Фунес махнул рукой, прерывая меня.

– Не сейчас, Луис, – сказал он устало. – Мне нужен результат. Этот хлыщ слишком любит себя.

Оглянулся в ту сторону, где сидел Прибке, и добавил уже тише:

– Лекарства тут ни к чему.

Еще раз набрал воды, сделал пару глотков, а остатки выплеснул на пол. Потом вернулся в комнату и встал перед пленником.

– Наверное, ты втихую радуешься, что удалось обвести вокруг пальца недалекого садиста, да? – ласково спросил Фунес. – Там где ты учился врать, я преподавал. Ну, давай, облегчи душу, выдай самую большую нацистскую тайну.

– Я всё… – начал Прибке, но Фунес прервал его, приставив указательный палец к губам немца.

Не меняя позы, он потянулся к столу, схватил нож и воткнул в левый глаз немцу. Провернул. Раздался вопль, и по щеке нациста хлынула кровь.

– Ну, что, Эрих, второй тебе тоже не нужен?

Он толкнул стул, и Прибке, не прекращая кричать, упал на пол. Я отвернулся, но визг не останавливался еще с минуту. Кажется, он даже на вдох не прерывался. А потом сменился тихим жалобным воем.
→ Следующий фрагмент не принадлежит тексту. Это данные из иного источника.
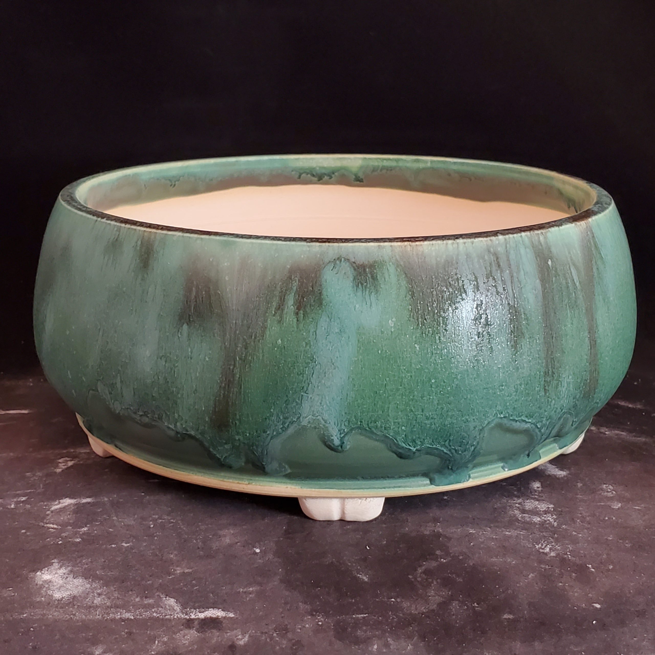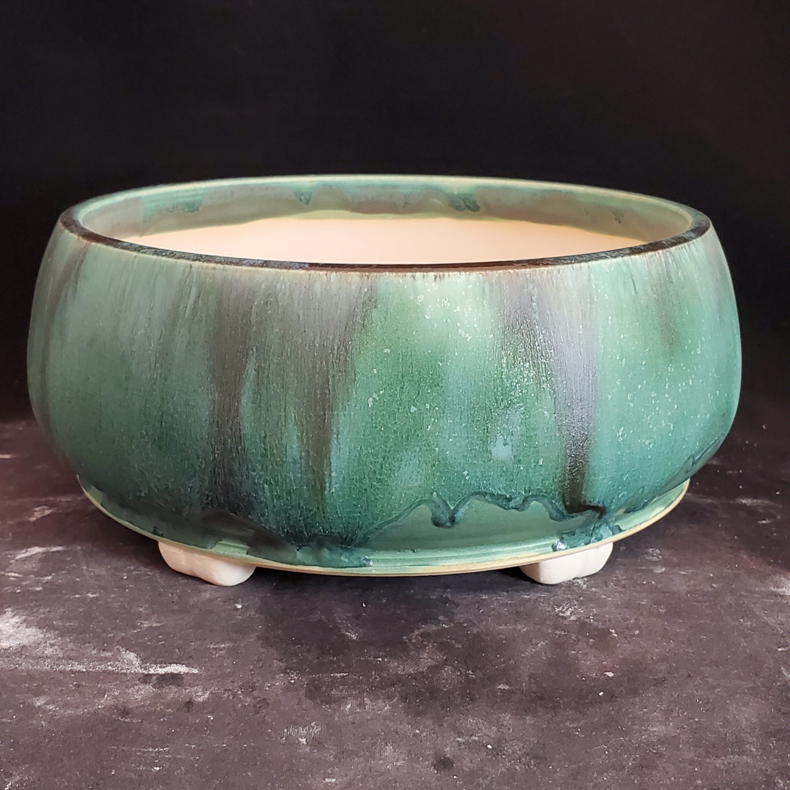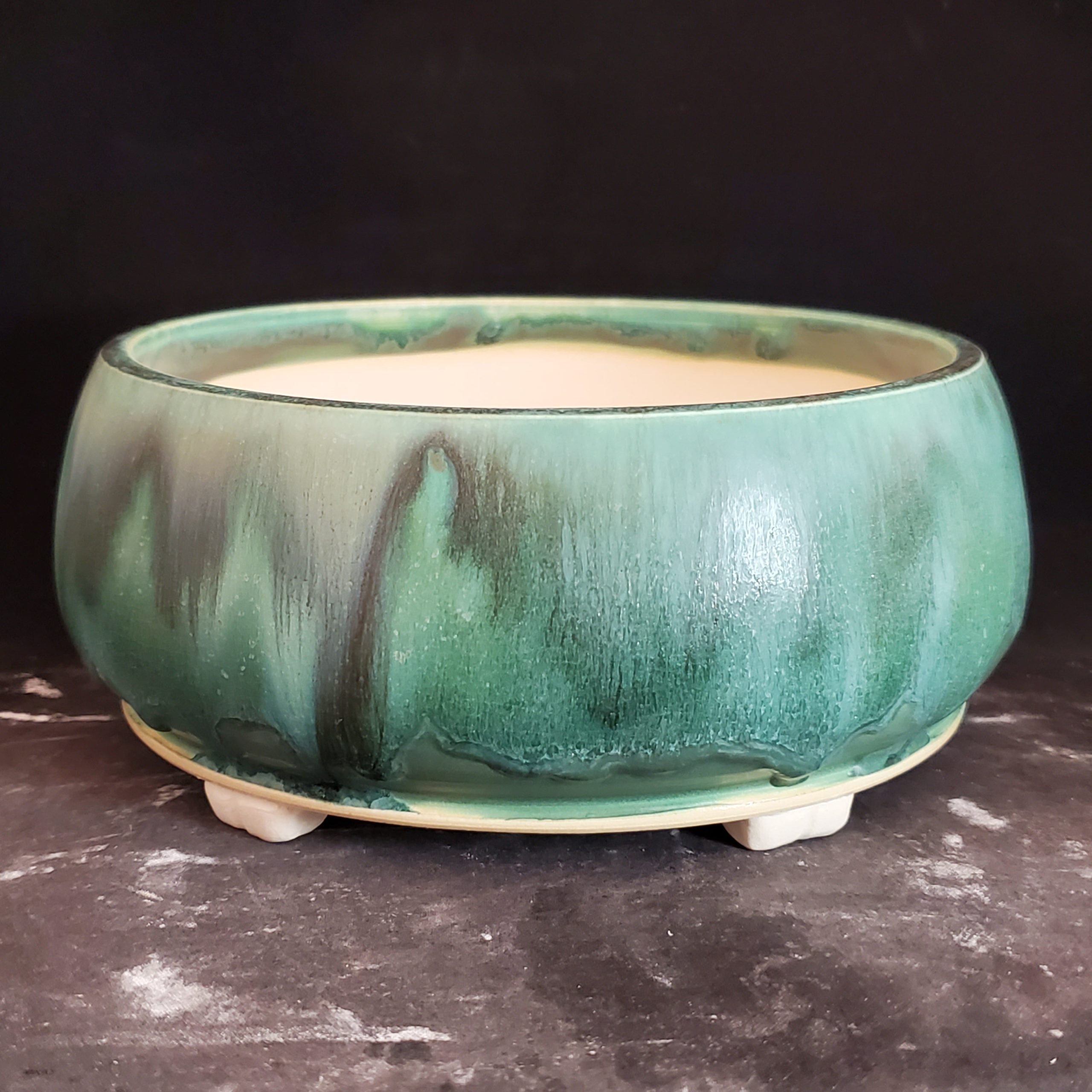 This is a beautifully crafted ceramic planter. It features a marbled glaze with green and dark streaks on the exterior and a light cream interior, creating an eye – catching contrast. The footed design and drainage holes make it perfect for indoor plants, ensuring their healthy growth.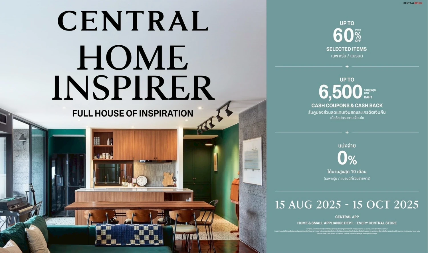 - ห้างเซ็นทรัล ในเครือเซ็นทรัล รีเทล ตอกย้ำการเป็นเดสติเนชันแห่งการสร้างแรงบันดาลใจในทุกช่วงเวลาของชีวิต คัมแบคแคมเปญเพื่อคนรักบ้านแห่งปี “CENTRAL HOME INSPIRER” (เซ็นทรัล โฮม อินสไปร์เรอร์) ครีเอทไอเดียและแรงบันดาลใจใหม่ ๆ แก่คนรักบ้านในคอนเซ็ปต์ ‘Full House of Inspiration เติมเต็มความสุข ให้ทุกบ้าน’ ตั้งแต่วันนี้ – 15 ต.ค. 68 ที่แผนกบ้าน ห้างเซ็นทรัลทุกสาขา และทุกช่องทางการช้อปปิ้งสุดสะดวกของห้าง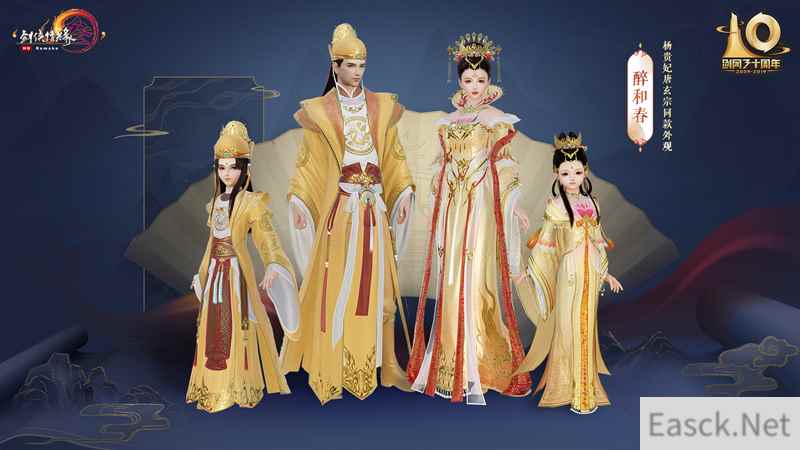 十周年红发“棠羽” 售卖信息: 十周年纪念红发“棠羽”不绑定版:8月22日20:15限量15,000个(电信12,000双线3,000)。售价38,000通宝,不可代付。 十周年纪念红发“棠羽”绑定版:8月22日20:30~9月12日7:00,限时3周。售价38,000通宝,可代付。 值此十周年梦回大唐的契机,今年的NPC同款外观“醉和春”更是选自盛唐时期的代表人物——唐玄宗和杨贵妃为原型打造!根据四大体型量体裁衣,彰显大唐多姿多彩的文化底蕴。外观采用仿唐时皇家华服设计,男款修身大方气质出众,富贵却又不失沉稳;女款将大唐女子丰韵的身材完美勾勒,尽显国色天姿!更有配套白发、黑发以供侠士进行搭配。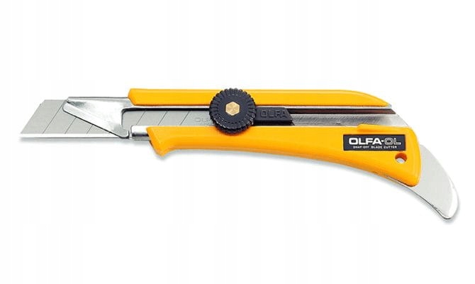 сегментальний ніж з лопатками шириною 18 мм, спеціально розробленими для різання килима підлоги. Витягнутий путівник дозволяє безпечно зрізати з довшою частиною леза без ризику його порушення. В інших ножах лезо може бути безпечно розширене до довжини одного сегмента. Завдяки подовженому путівника з цим ножем ви можете безпечно вирізати матеріали до 2 см. Нож оснащений багатофункціональним сталевим плавником, який можна натиснути в підкладку в кути, відкрити банку фарбою або клеєм, затягувати гвинт тощо. Ручка ножа, виготовлений з міцного пластику (ABS). 4 Покриття підлоги в кутах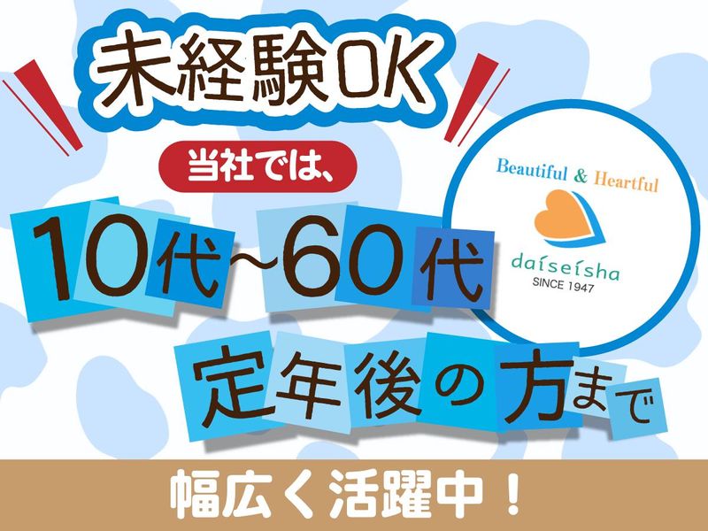 求めている人材 ★未経験OK! ★男性・女性どちらも大歓迎! ★年齢・学歴は問いません。 ◎「キレイ好きの方」 ◎「モクモク集中して働きたい方」 ◎「適度なシフトで働きたい方」 など、大歓迎です♪ 「大清社」では、パートさん、フリーターさん、40代~60代のミドル、シニア世代の方が活躍中♪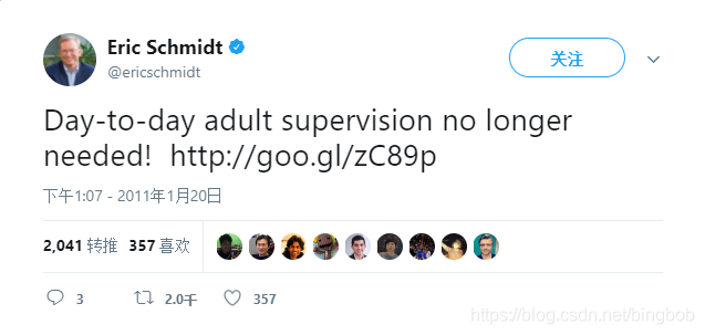 2011年卸任谷歌CEO的施密特,发推称“(公司)终于不再需要日常的成人监督了”,这个扮演着监护人角色的CEO,似乎提前完成了自己的使命,尽管他离开了谷歌,但是这家可称伟大的公司,将永远打上他的烙印。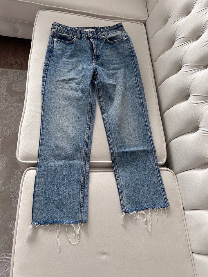 Mavi denim kumaştan jean. Rahat kesimli, desen içermeyen, gündelik kullanıma uygun normcore tarzında. Paçalarında salaş detaylar bulunur.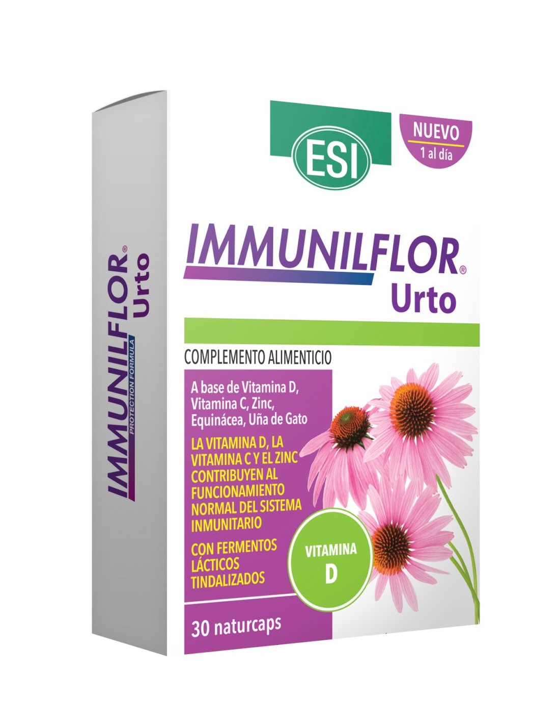 Immunilflor Urto 30 ESI 30 cápsulas en un complemento alimenticio a base de Vitamina D, Vitamina C, Zinc, Equinácea, Uña de Gato. Con fermentos lácticos tindalizados
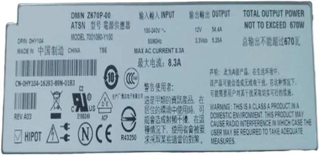 1PC PSU for 1950 670W Power Supply Z670P-00 D670P-S0 7001050-Y100 DPS-670CB A HY104 HY105 UX459 A670P-00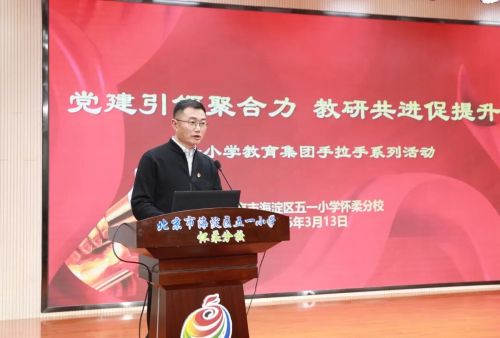 为深入贯彻高质量党建引领学校高质量发展的理念,2026年3月13日, 五一小学怀柔分校成功举办了以“党建引领聚合力,教研共进促提升”为主题的手拉手系列活动。参与此次活动的有五一小学教育集团党委书记彭欣、教学主任彭文晶、兄弟学校干部教师代表、及五一怀分全体领导干部、骨干及青年教师。活动由执行校长庞盛主持。

Я снова повернулся. Заставил себя смотреть на этот кошмар наяву, хотя в любой момент мог выйти и избавиться от источника тошноты. От меня здесь ничего не зависит. Но я заставлял себя смотреть на это. Вот она, твоя месть, наяву.

* * *

Наконец, Прибке заговорил. Сначала неразборчиво, сквозь хрип. Фунес наклонился к нему, потом встал.

– Дайте ему воды, ничего не понятно.

Я принес кружку, а Альфонсо поднял стул с немцем. Сначала пленник не мог пить, только стучал зубами о край чашки, а потом всё же сделал глоток. Фунес выхватил у меня воду, плеснул остатки в лицо Прибке, и устало опустился на свой стул.

– Ну давай, рассказывай, посмотрим, стоило ли оно твоего глаза.

Прибке вздрогнул. Он опустил голову и прохрипел:

– Я скажу вам, где прячется Борман, только прекратите.

Я замер. Правая рука Гитлера. Человек, который исчез без следа после падения Берлина. Его смерть не была подтверждена, об этом много писали в газетах.

– Мартин Борман? – переспросил я, мой голос дрогнул.

Фунес бросил на меня быстрый взгляд, словно упрекая за вмешательство. Но тут же перевёл его на Прибке. Тот кивнул.

– И где же живёт секретарь Гитлера? – спросил он. – Мы ведь о нем говорим?

Вроде бы спокойно произнес, но рука дрогнула. На такой большой куш он точно не надеялся.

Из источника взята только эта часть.